Seller - Frequently Asked Questions


Q: When will my house sell?

A: It depends on Condition, Location and Price. Your competition is any house "LIKE" yours that is currently on the market or sold in the last 6-12 months. "Like" is defined as similar size, style, age, materials, finishes, and area which means in your neighborhood or within a 3-5 mile radius. If your house is in better condition, located in a great part of the neighborhood and priced at or below the competition, your house should be one of the first to sell. The final determining factor is available Buyer Pool.

Q: What does Buyer Pool mean?

A: There are Buyer's who are currently looking for a home ... "Buyer Pool" ... and Buyer's who will be looking at some time in the future. Depending on the desirability of our type of house, the Buyer Pool may be large as with a $250k house in Carmel vs. a $750k house in Kirkland, IN which would be much smaller due to location and price. The more expensive the house, the fewer people who can buy them.

Q: I received an offer right away, shouldn't I hold out for a higher offer?

A: Refer to the Buyer Pool. Unless it's a really low offer, such as from an investor, statistics show that the first offer is usually the best offer. Holding out for a better offer most often results in the house sitting on the market longer waiting for new Buyers to enter the market. In addition, new Buyers will see that your house has been on the market for a while and instinctively offer less, hence, your house is on the market longer and ultimately sells for less.

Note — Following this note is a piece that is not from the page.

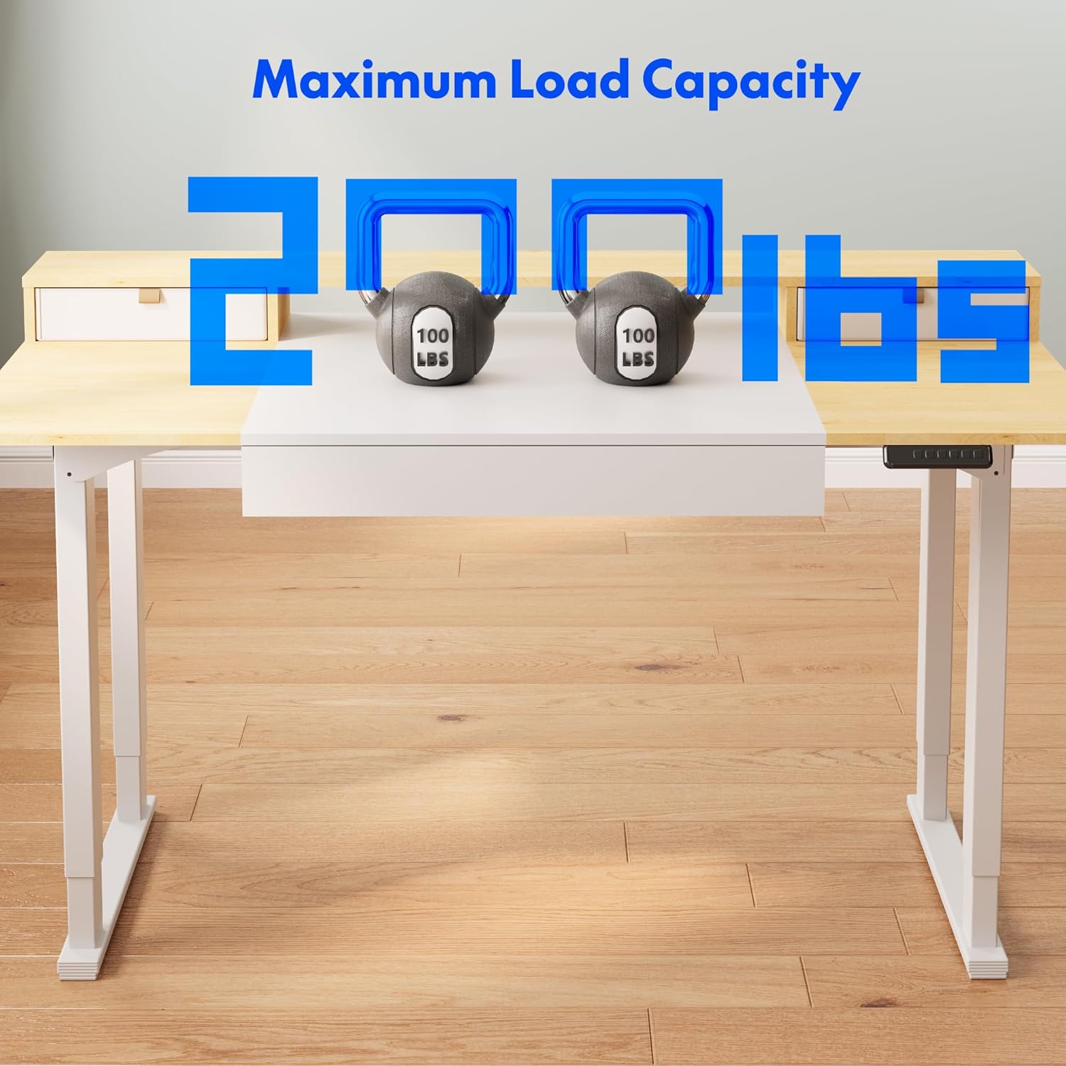 FLEXISPOT 4-Leg Standing Desk with Storage 71x32 in Electric Adjustable Height with 3 Drawers & Shelving Home Office Workstation (White + Maple Top)

Q: What is a multiple offer situation?

A: If your house condition, location and price are good, and there is a high demand for your type of house, it's possible to get more than one offer at the same time. This often results in a higher sell price and the best terms and conditions. We will ask the agents to submit their best and highest offers on behalf of their Buyers.

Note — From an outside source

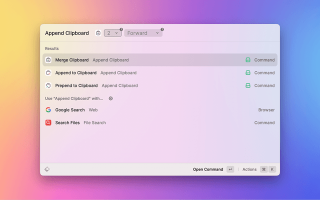 Append or prepend selected text to your clipboard with different separators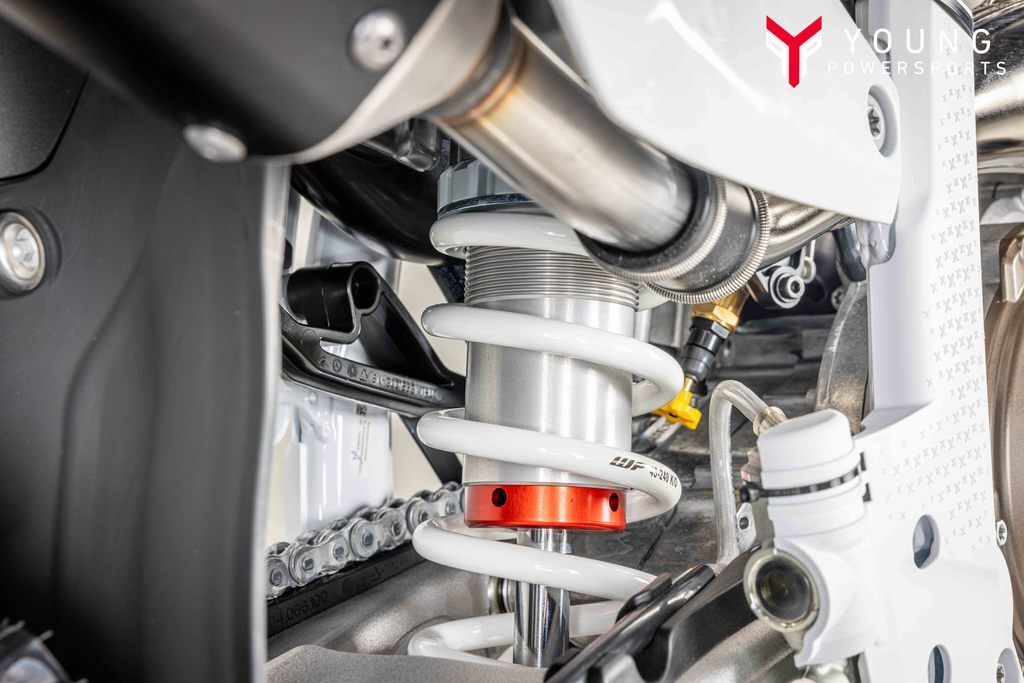 The proven chromium molybdenum steel frame is refined for 2023. A new shock mounting, which is no longer connected to the main tube, significantly improves the anti-squat behaviour of the chassis. With optimised wall thickness in high stress areas improving reliability, the frame continues to offer advanced geometries and flex characteristics aimed at providing unparalleled rider feedback, energy absorption, and exceptional straight-line stability. The frame is finished off in a premium white powder coating with redesigned standard frame protectors offering superior protection, durability, and grip in any condition. Additionally, the inclusion of forged brackets on the lower frame rails allows for easy installation of the skid plate, which is available as a technical accessory.

Q: What is meant by Best and Highest?

A: Highest is the highest amount the Buyer is willing to offer. Best is with respect to terms and conditions. A clean, cash offer without any contingencies is better than a Buyer who needs to get a loan, asks for the seller to pay money towards their closing costs, wants a seller paid home warranty and is contingent upon selling their existing home before they can buy your house. By the way, most buyers need to get a loan to buy your house.

Q: What should I expect once I have an offer?

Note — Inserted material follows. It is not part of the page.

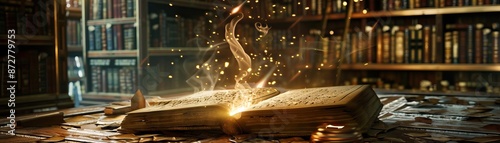 Ancient magical book in old library with golden light sparkles, symbolizing knowledge, mystery, and enchantment.
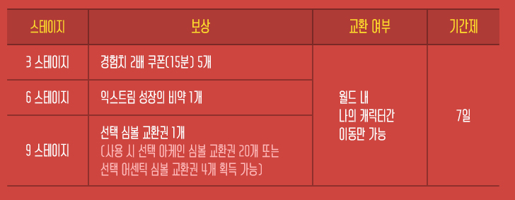 를 받을 수 있습니다. 해당 보상의 기간은 7일이며 월드 내 나의 캐릭터간 이동만 가능합니다.

A: It essentially boils down to 3 primary steps.

1. Offer Acceptance

a. Getting an offer accepted may require multiple counter offers between Buyer and Seller to come to agreement on the price, terms and conditions. If the Buyer and Seller cannot come to agreement on price, terms and conditions, then the Buyer will walk away and the Seller continues to market the house and find another Buyer.

b. A contract is not valid until both the Buyer and Seller accept price, terms and conditions within the contract period or before the contract expiration date.

c. If the Seller counters the Buyer's offer, the Seller is essentially out of contract and if the Buyer does not respond, there is NOT a valid contract.

2. Inspection Response

a. Most Buyers will have a whole house inspection. If the inspection reveals any MAJOR Defects such as foundation, structural or other significant issues with plumbing, electrical, mold ... etc., the Buyer can cancel the contract. Unless you know that your house is in great condition, I always recommend a pre-sale inspection especially on older houses.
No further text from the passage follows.